Is it worth listening to Goljan audio if I'm doing Pathoma? Filesharing is prohibited in this subreddit. These drugs also pr od uc e me th em og lo bin. Popular Posts This Week Sorry. I have heard that there are 'new' Goljan audio lectures since I took Step 1. Close Dialog Are you sure?
|Genre:||Health and Food|
|Published (Last):||4 July 2013|
|PDF File Size:||20.2 Mb|
|ePub File Size:||20.38 Mb|
|Price:||Free* [*Free Regsitration Required]|
We use your LinkedIn profile and activity data to personalize ads and to show you more relevant ads. You can change your ad preferences anytime. Goljan pathology audio transcripts. Upcoming SlideShare. Like this document? Why not share! Embed Size px. Start on. Show related SlideShares at end. WordPress Shortcode. Published in: Business , Technology. Full Name Comment goes here. Are you sure you want to Yes No.
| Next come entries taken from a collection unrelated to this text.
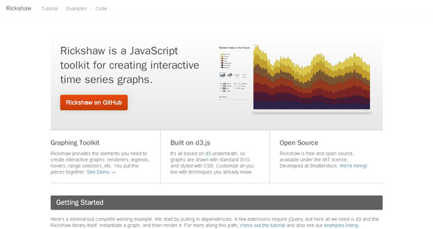 Rickshaw 是一個(gè)用于繪制時(shí)序圖的簡(jiǎn)單 jS 庫(kù),基于 Mike Bostock’s delightful D3 庫(kù)構(gòu)建。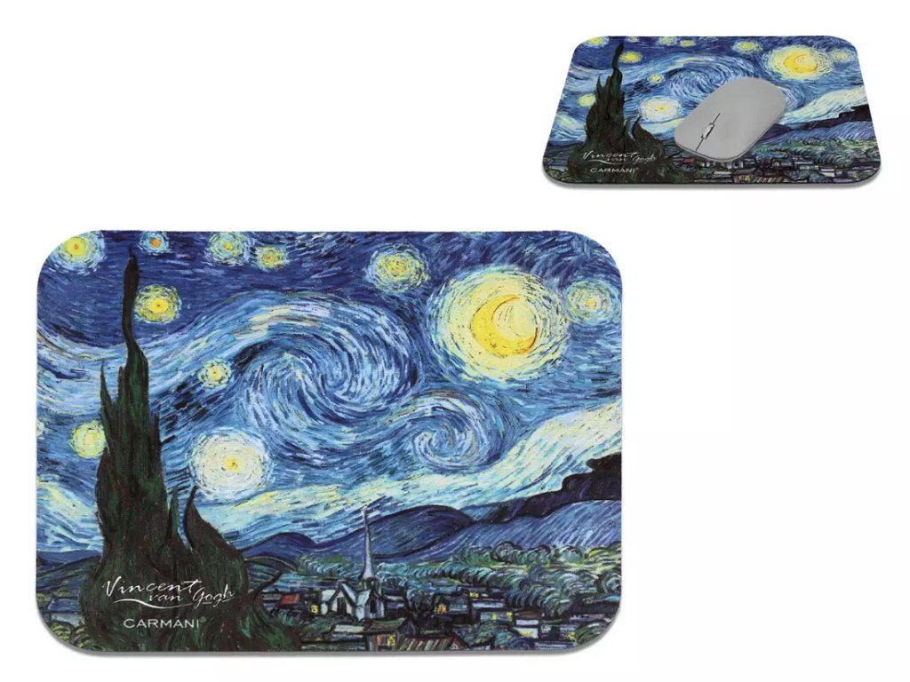 Podložka pod počítačovou myš V. van Gogh, Hvězdná noc je součástí značky Carmani. Rozměr podložky je 20*24*0,3 cm.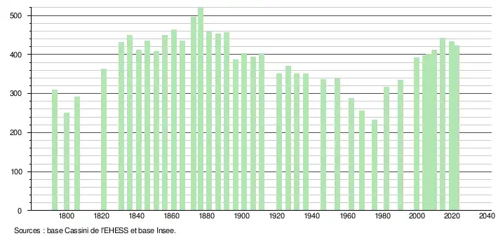 L'évolution du nombre d'habitants est connue à travers les recensements de la population effectués dans la commune depuis 1793. Pour les communes de moins de 10 000 habitants, une enquête de recensement portant sur toute la population est réalisée tous les cinq ans, les populations de référence des années intermédiaires étant quant à elles estimées par interpolation ou extrapolation[25]. Pour la commune, le premier recensement exhaustif entrant dans le cadre du nouveau dispositif a été réalisé en 2004[26].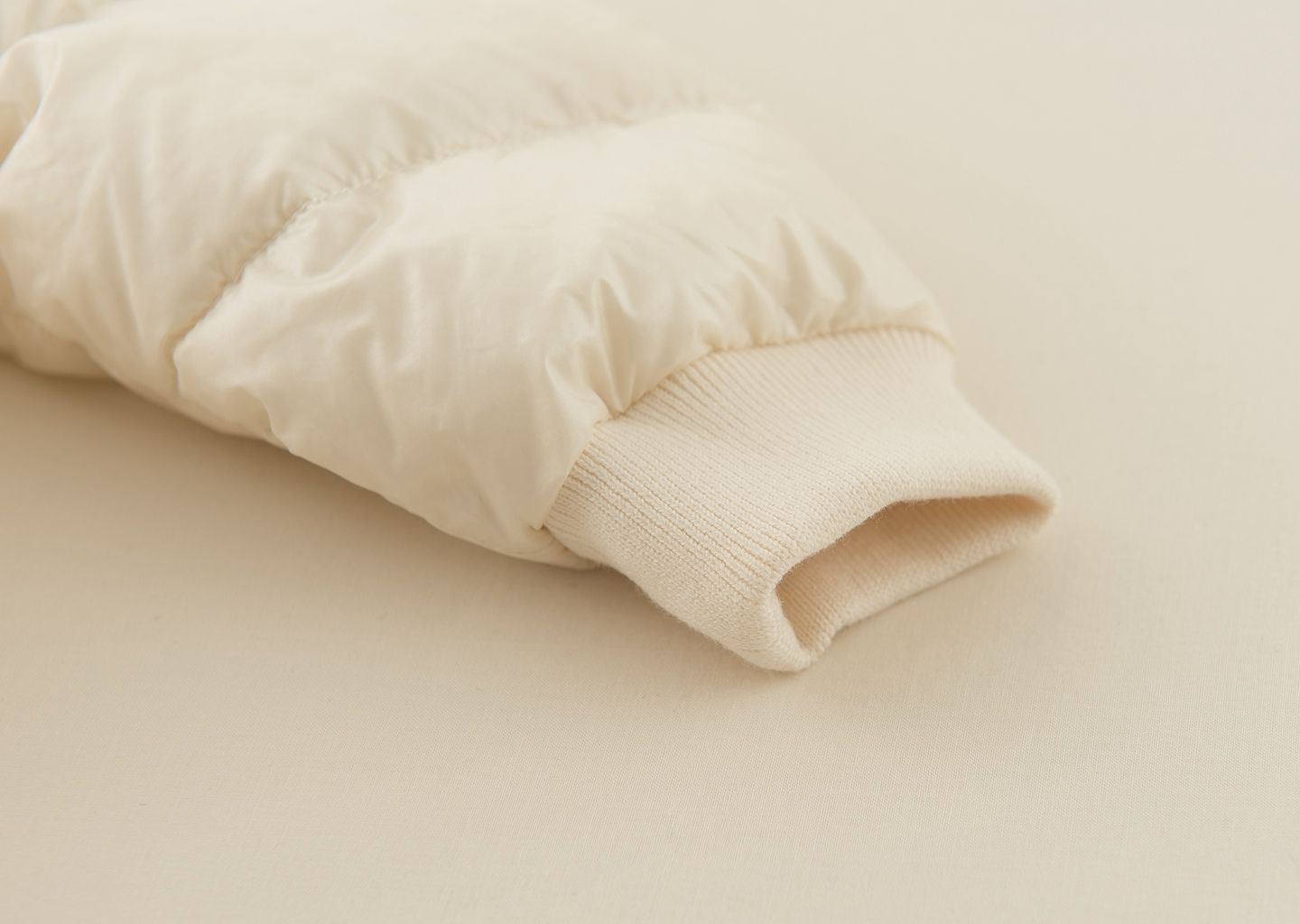 面料:锦纶100% 里料:锦纶100% 填充物:白鹅绒 (罗纹除外) 含绒量:95% 填充量: 80/48:18.2g 90/52:20.4g 100/56:22.8g 110/56:25g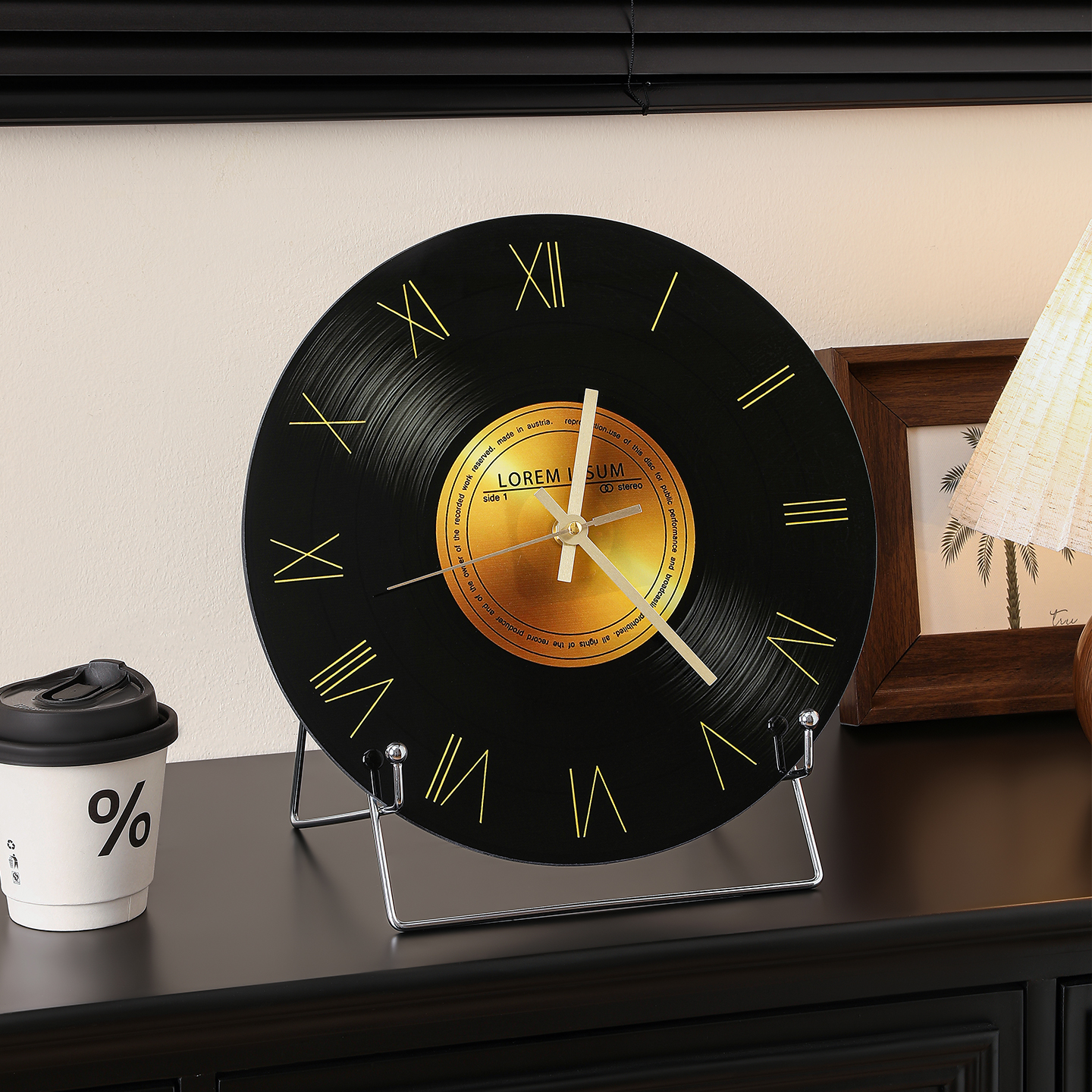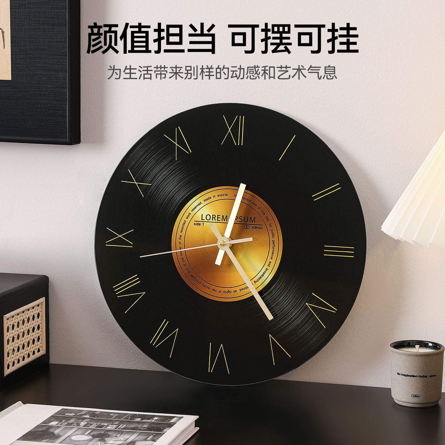中古风黑胶唱片桌面时钟摆件电视柜装饰品客厅轻奢高档高级感小众

Charity Gibson Over the past few days I've been telling you about a NEW 5-second "water hack" that crushes food cravings and melts 62lbs of fat I know the video is long and you probably don't have time to watch the whole thing, so Stacey Newton Without requiring much effort from your part, The Gout Diet guides you step-by-step on how to remove gout quickly and efficiently.
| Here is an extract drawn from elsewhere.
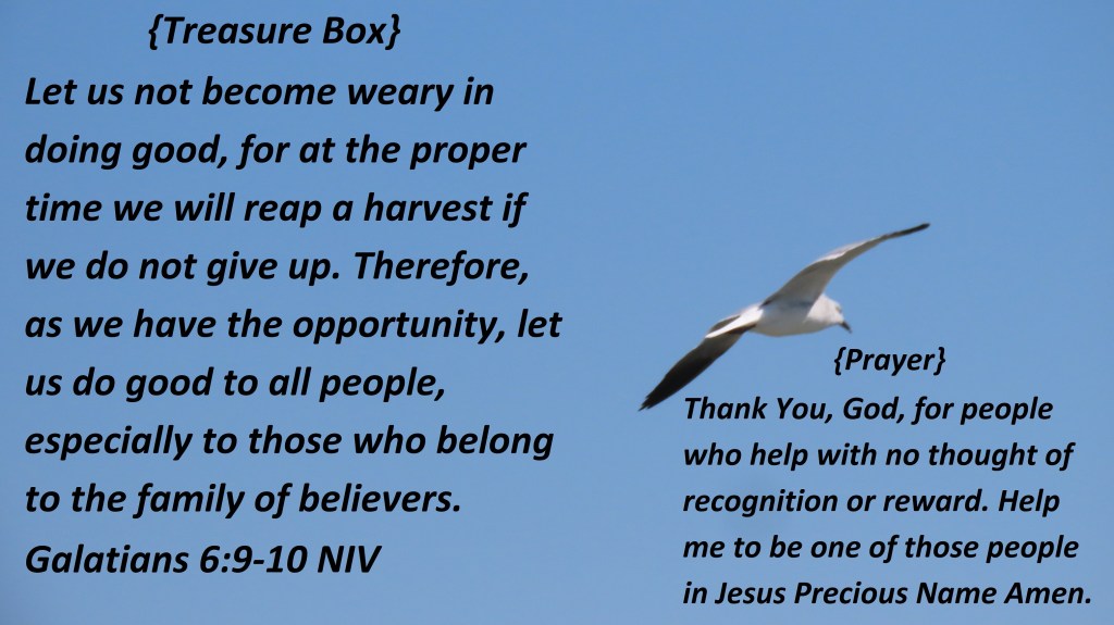 Let us not become weary in doing good, for at the proper time we will reap a harvest if we do not give up. Therefore, as we have opportunity, let us do good to all people, especially to those who belong to the family of believers. Galatians 6:9-10 NIV {Prayer} Thank You, God, for people who help with no thought of recognition or reward. Help me to be one of those people in Jesus Precious Name Amen.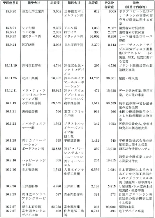 3社以外の合併,すなわち消滅会社が2社以上である場合には,総資産額が最も多い消滅会社を基準とした。 |

You'll be able to say goodbye to gout, and feel better than ever before, in just 7 days or less! Here's an all-natural gout relief method. Show More. Vemula Amulya. Amogh Tiwari. Mason Sifford. No Downloads. Views Total views. Actions Shares. Embeds 0 No embeds. No notes for slide. Goljan pathology audio transcripts 1. CopyrightedR Material. All Rights Reserved. Need O2 for oxidation phosphorylation pathway — where you get ATP from inner Mito membrane electron transport system, called oxidative phosphorylation.
The last rxn is O2 to receive the electrons. Terms: 1. Causes of tissue hypoxia: 1. Here are 4 causes of hypoxemia: a. Ventilation defects — best example is resp distress syndrome aka hyaline membrane dz in children. In adults, this is called Adult RDS, and has a ventilation defect. Lost ventilation to the alveoli, but still have perfusion; therefore have created an intrapulmonary shunt.
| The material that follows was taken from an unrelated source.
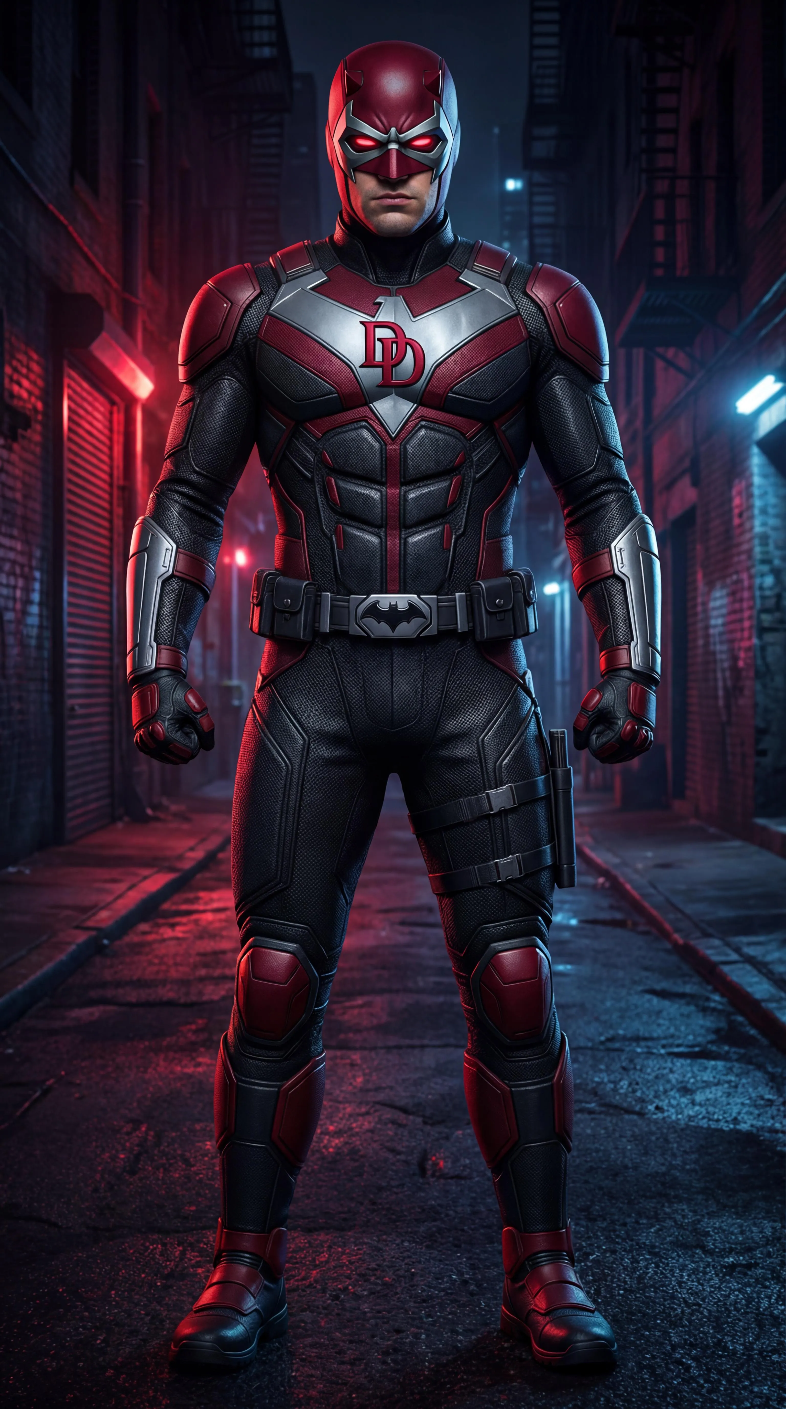 Generate Nightdevil AI art: A seamless fusion of Nightwing and Daredevil. Features a black suit with silver accents, red elements, and a unique combined mask. See the merged 'D' logos and hybrid utility belt. Create this Marvel/DC superhero crossover with vivago.ai's AI image generator. Transform prompts into stunning visuals.

Stasis in veins of the deep veins, leads to propagation of a clot and days later an embolus develops and embolizes. In this case, you have ventilation, but no perfusion; therefore there is an increase in dead space. Therefore, perfusion defects because an increase in dead space, while ventilation defects cause intrapulmonary shunts. Diffusion defect — something in the interphase that O2 cannot get through…ie fibrosis.
Best example—Sarcoidosis a restrictive lung disease ; O2 already have trouble getting through the membrane; with fibrosis it is worse. Another example—Pulmonary edema; O2 cannot cross; therefore there is a diffusion defect. These are the four things that cause hypoxemia resp acidosis, ventilation defects, perfusion defects, and diffusion defects.
Hemoglobin related hypoxia In the case of anemia, the classic misconception is a hypoxemia decrease in pO2. There is NO hypoxemia in anemia, there is normal gas exchange normal respiration , therefore normal pO2 and O2 saturation, but there is a decrease in Hb. That is what anemia is: decrease in Hb. If you have 5 gm of Hb, there is not a whole lot of O2 that gets to tissue, therefore get tissue hypoxia and the patient has exertional dyspnea with anemia, exercise intolerance.
Carbon monoxide CO : classic — heater in winter; in a closed space with a heater heater have many combustable materials; automobile exhaust and house fire. When theres heat, cyanide gas is given off; therefore pts from house fires commonly have CO and cyanide poisoning. Clue was that O2 did not correct the cyanosis. Most recent drug, Dapsone used to Rx leprosy is a sulfa and nitryl drug. Therefore does two things: 1 produce methemoglobin and 2 have potential in producing hemolytic anemia in glucose 6 phosphate dehydrogenase deficiencies.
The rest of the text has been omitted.